The Mudcat Café TM
Thread #68747   Message #2108264
Posted By: Amos
21-Jul-07 - 02:28 PM
Thread Name: BS: I Read it in the Newspaper
Subject: RE: BS: I Read it in the Newspaper
Cicada invasion overwhelms predators
5 July 2007
by Christina Zdanowicz
Cosmos Online


A remarkable plague of cicadas has been unleashed on Chicago. The insects emerge briefly once every 17 years and can reach densities of 1.5 million an acre.

Raking thousands of squirming cicadas from beneath an old ash tree in our yard, I watched my father ditch his rake for a snow shovel. He scooped hordes of the earthy-smelling insects and their vacant shells into a nearby bin, but froze when he heard me scream. My five-year-old self was terrified, because a cicada had plummeted from the tree and hit me square on the head.

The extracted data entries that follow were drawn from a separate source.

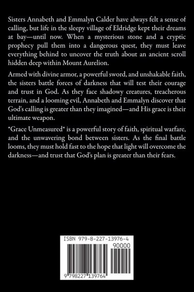 Sisters Annabeth and Emmalyn Calder have always felt a sense of calling, but life in the sleepy village of Eldridge kept their dreams at bay-until now. When a mysterious stone and a cryptic prophecy pull them into a dangerous quest, they must leave everything behind to uncover the truth about an ancient scroll hidden deep within Mount Aurelion. Armed with divine armor, a powerful sword, and unshakable faith, the sisters battle forces of darkness that will test their courage and trust in God. As they face shadowy creatures, treacherous terrain, and a looming evil, Annabeth and Emmalyn discover that God's calling is greater than they imagined-and His grace is their ultimate weapon. *Grace Unmeasured* is a powerful story of faith, spiritual warfare, and the unwavering bond between sisters. As the final battle looms, they must hold fast to the hope that light will overcome the darkness-and trust that God's plan is greater than their fears.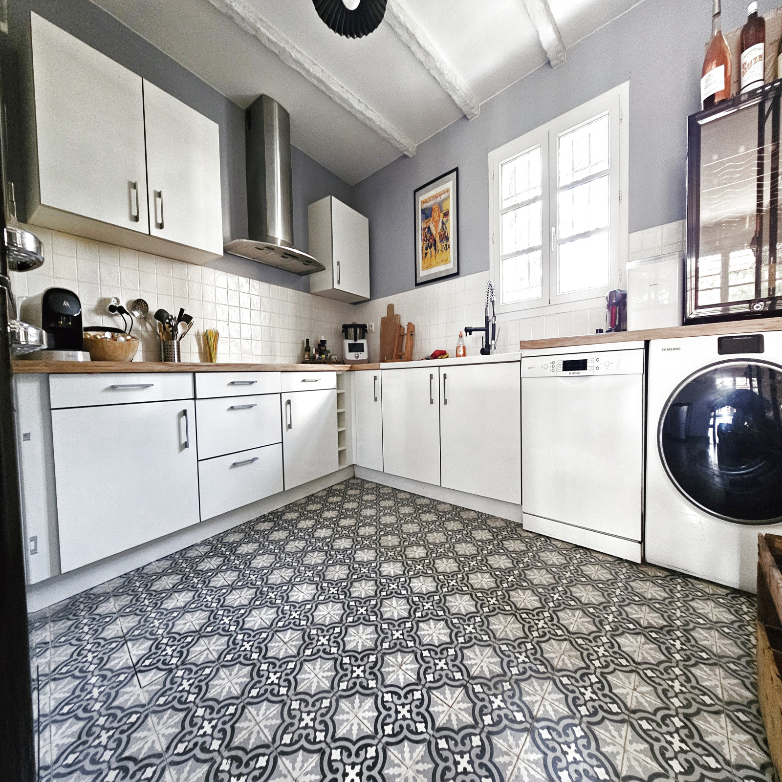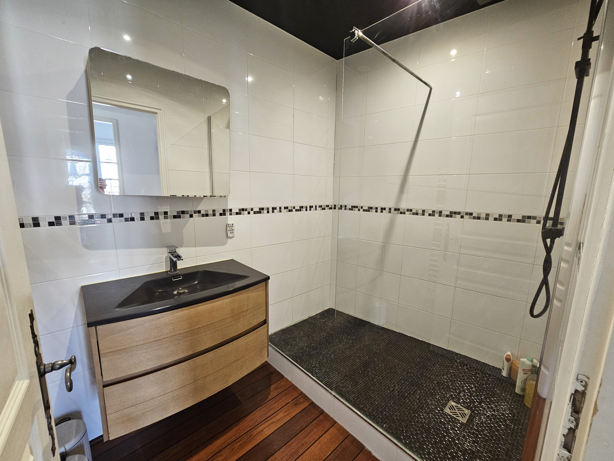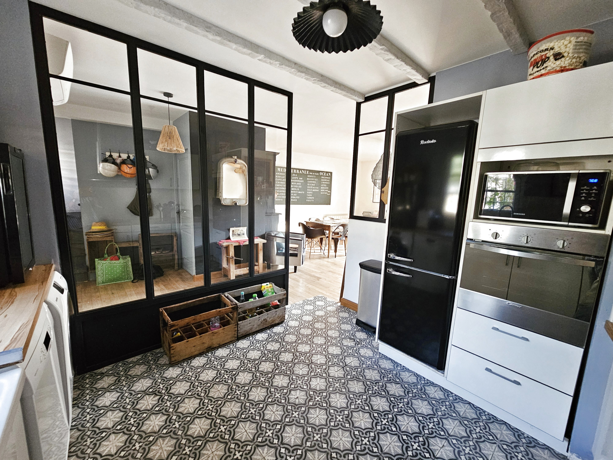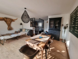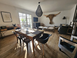 Au rez-de-chaussée composée d'un hall d'entrée, une cuisine équipée ouverte avec verrière, un salon/séjour spacieux et lumineux avec accès à la terrasse et jardin, un WC.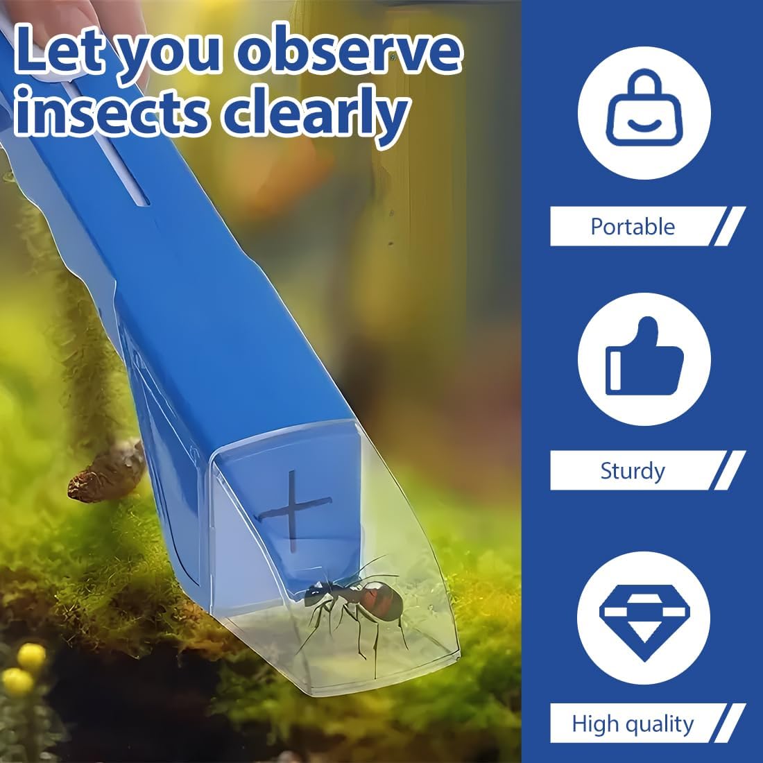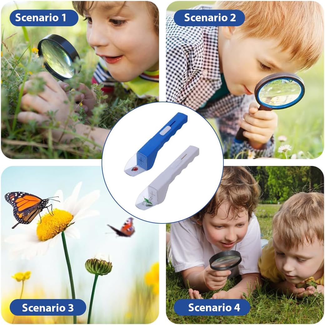 Funzionale e pratica: adatta per catturare e osservare vari insetti, questa trappola per insetti è uno strumento ideale per l'esplorazione all'aperto e le attività educative, aiutando bambini e adulti a comprendere meglio la natura e l'ecologia degli insetti. Materiali di alta qualità: realizzati con materiali durevoli ABS e PVC, che garantiscono robustezza e durata del prodotto, adatti per l'uso in vari ambienti esterni, facili da pulire e mantenere. Scenari applicabili: adatti per l'uso in ambienti naturali come parchi, foreste e giardini, particolarmente adatti per attività all'aperto in famiglia, progetti educativi scolastici e attività di esplorazione per gli amanti della natura. Il set include: Il set contiene due trappole per insetti (blu e bianca), ciascuna con una scatola di osservazione trasparente per una facile osservazione e studio degli insetti, offrendo una vasta gamma di opzioni. Facile da trasportare: il suo design leggero lo rende facile da trasportare, rendendolo adatto all'uso in vari ambienti esterni, rendendolo un compagno ideale per l'osservazione degli insetti e le attività educative.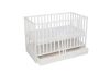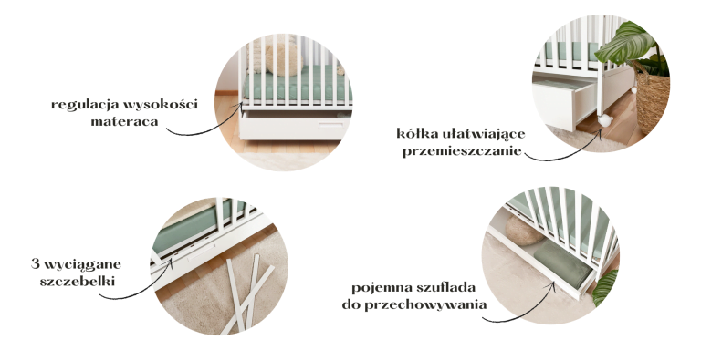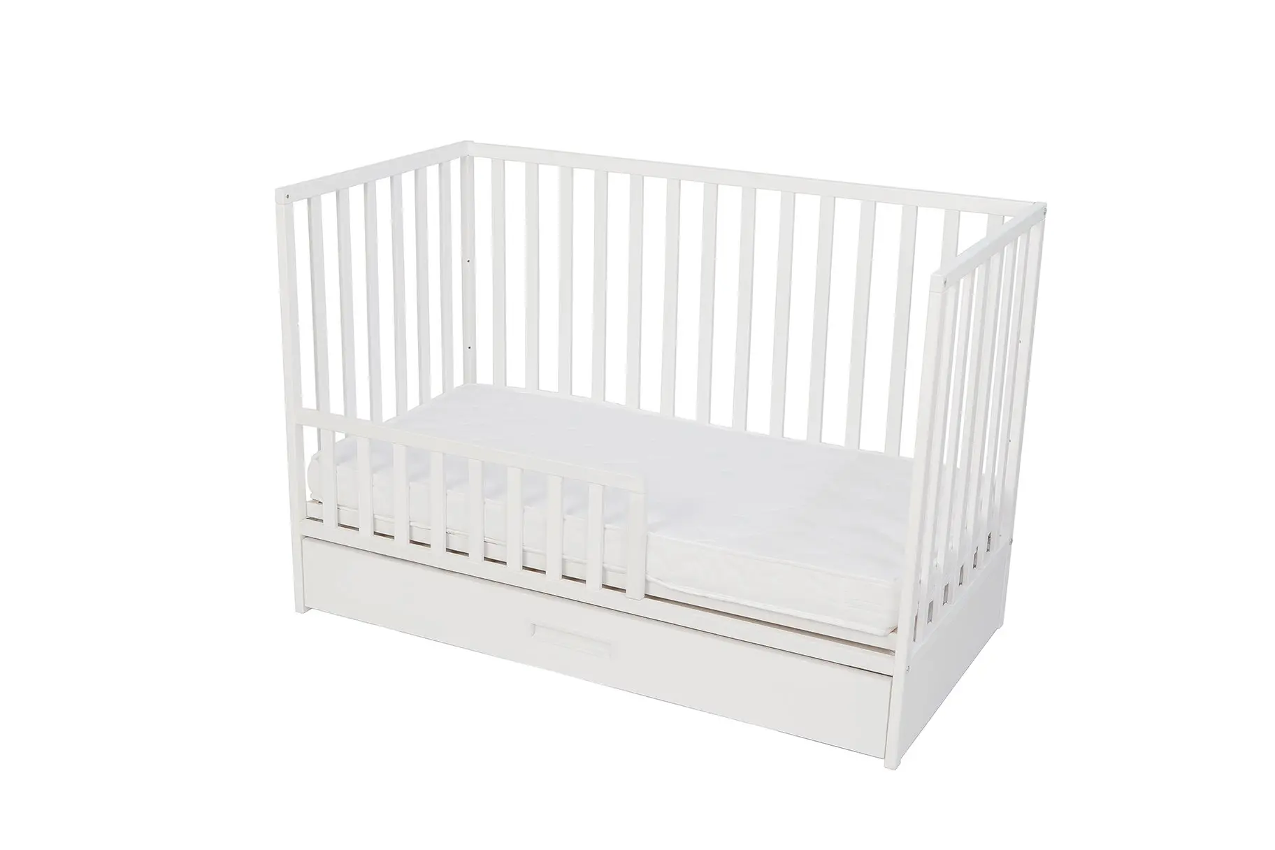 Szczebelki w łóżeczku są płaskie, lakierowane białym lakierem bezpiecznym dla dzieci i niemowląt. Łóżeczko posiada mocny, drewniany stelaż pod materac, który wykonano z twardego drewna bukowego, oszlifowany, nielakierowany. Na kolor biały pomalowano zewnętrzne listwy stelaża, widoczne pod materacem. Szuflada montowana jest na prowadnicy rolkowej. Pomocnicze 4 białe kółka posiądą hamulce. W bezpieczeństwie o zdrowie dziecka w łóżeczku nie stosujemy żadnych zaślepek aby uniknąć ich połknięcia przez dziecko.

Now, 17 years later, the brood of insects is back again in my home town – Glenview, near Chicago in the U.S. – but this time I'm more fascinated than frightened.

The deafening chirps of males and the clicking wings of females in the trees are choking out the sound of nature all over again. At densities of up to 150 to 200 cicadas per square metre – or 1.5 million individuals an acre – these crunchy black insects with orange wings and red eyes, provide a feeding bonanza for birds and other predators.

These countless insects burst out of their underground slumbers with one mission in mind: to mate.

Timing it just right, three species of Magicicada cicadas have been invading the greater Chicago area over the last month. They are all part of the same brood, the Northern Illinois Brood (or Brood XIII according to naming convention), and they began popping out of the soil when it reached 17.8°C in late May.

More questions than answers

While other cicadas are found worldwide from Europe to Australia, these periodical cicadas – which emerge every 17 or 13 years depending on the brood – are endemic to the east of the U.S., says biologist Gene Kritsky of the College of Mount Saint Joseph in Cincinnati, Ohio. Out of the 3,000 known cicada species, only seven engage in this unusual periodicity.

Though they resemble locusts in appearance and swarming behaviour, they are more closely related to aphids.

Periodical cicadas have intrigued scientists for hundreds of years, and we still understand little about them. "Why 17 years? Why not overlapping broods? Why don't they all come out the same year throughout the entire U.S.?" queries Phil Nixon, an entomologist at the University of Illinois in Urbana. "All of these things we don't know."